The single known hardware failure in our study, screw breakage, was identified to be at one year postoperatively, but bony healing was achieved without other complications. Others studies regarding SSPI reported that 3% to 5% of cases have hardware failure, some of which result in improper healing of spinal structures and aggravated kyphotic deformity. Other complications, except superficial infection, did not occur. It is important to note that this surgery produced adequate stability for injured spine structures and fewer complications than SSPI or conventional instrumentation.
In general, in the case of neurologic deficit after burst fracture of the thoracolumbar area, anterior decompression and fixation is mainly performed. However, this procedure is very technically demanding with massive blood loss and high morbidity. The authors performed just the posterior instrumentation with reduction using ligamentotaxis, and the result of a 2 year follow-up showed an average reduction of 34% regarding CSR and improvement of neurologic deficit in 19 cases. Thus, the authors suggested that just PLSPF with ligamentotaxis is also a useful method for UTLF with partial neurologic deficit. Furthermore, we are going to bring out the comparative study of anterior decompression and fusion versus posterior long-segmental fixation in UTLF with partial neurologic deficit for some indications.

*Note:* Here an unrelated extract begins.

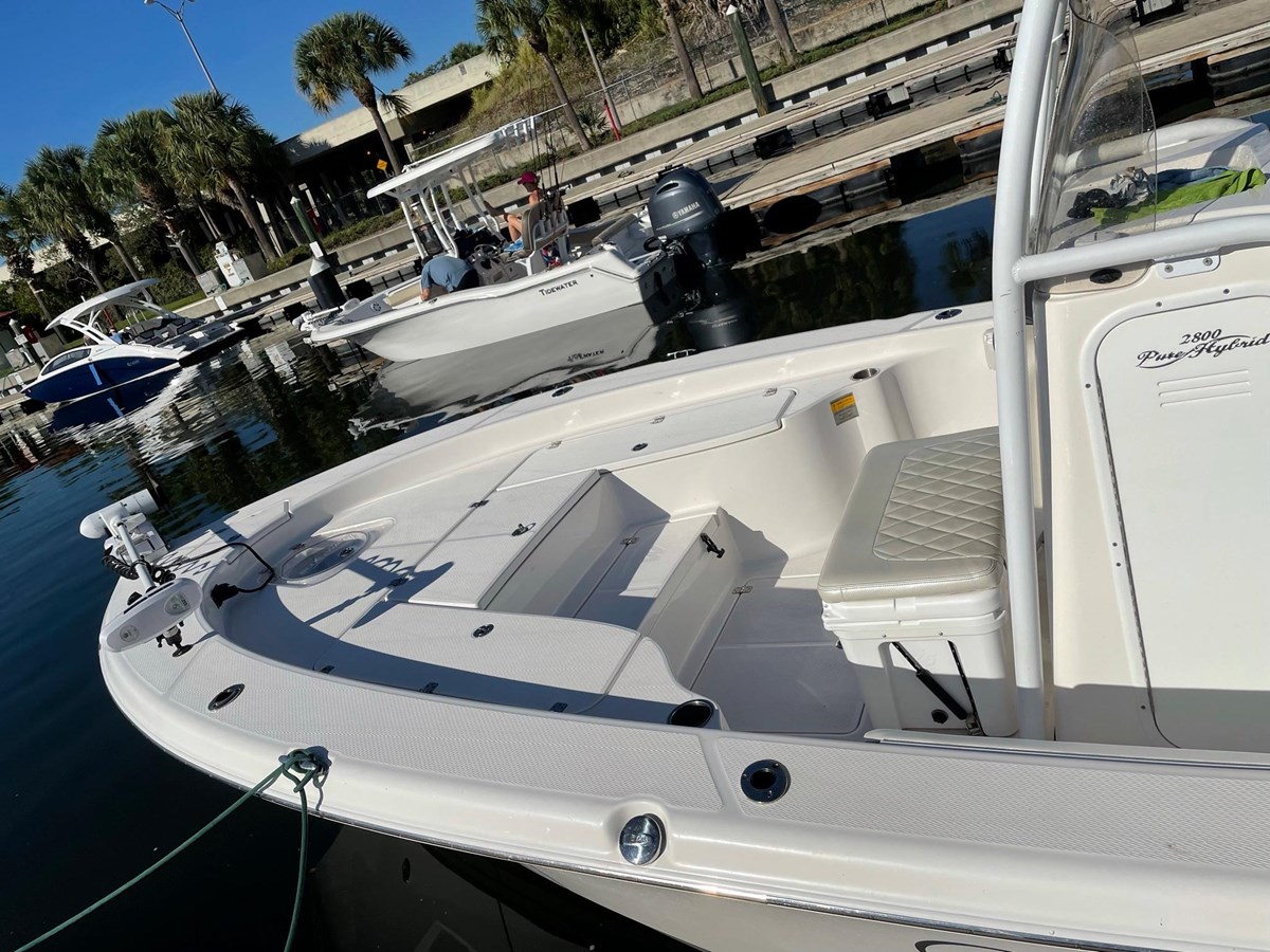 Your crew will cruise in comfort with features such as a console designed to step down inside allowing enough room for a porta potti, optional bow seating with removable back rest, an aft deck flip up seat and walk around gunnels. Some of the features that make the 2800 Pure Hybrid the smartest in its class are fuel fills on both port and starboard sides, a large wet storage area for cast nets and bait buckets along with easy battery access.

This study has two primary limitations. First, the number of patients available for follow-up is small. The research team is currently considering both increasing the patient sample size as well as the duration of the follow-up. The second is the lack of dual-energy X-ray absorptiometry scan information. Thus, it is unclear if osteoporosis had a significant effect on bony union and clinical or radiological results. The third limitation would be potential differences in patient positioning when the radiographs were taken. We acknowledge this, but state that the best attempts were made to position the patient in a consistent manner, both in the acute setting and follow-up visits. In addition, the measurements were made by the same spine fellowship-trained reviewer to reduce variability in the data.
Conclusions
To date, the results of patients surgically treated by PLSPF for UTLF with partial neurologic deficit have not been reported. The authors believe that this technique may be useful for treatment of UTLF with partial neurologic deficit, canal encroachment less than 50% of the spinal canal. Additionally, this technique has advantages such as decreased postoperative morbidity and fewer complications compared with conventional long-segmental posterior fixation or anterior instrumentation.
Notes
No potential conflict of interest relevant to this article was reported.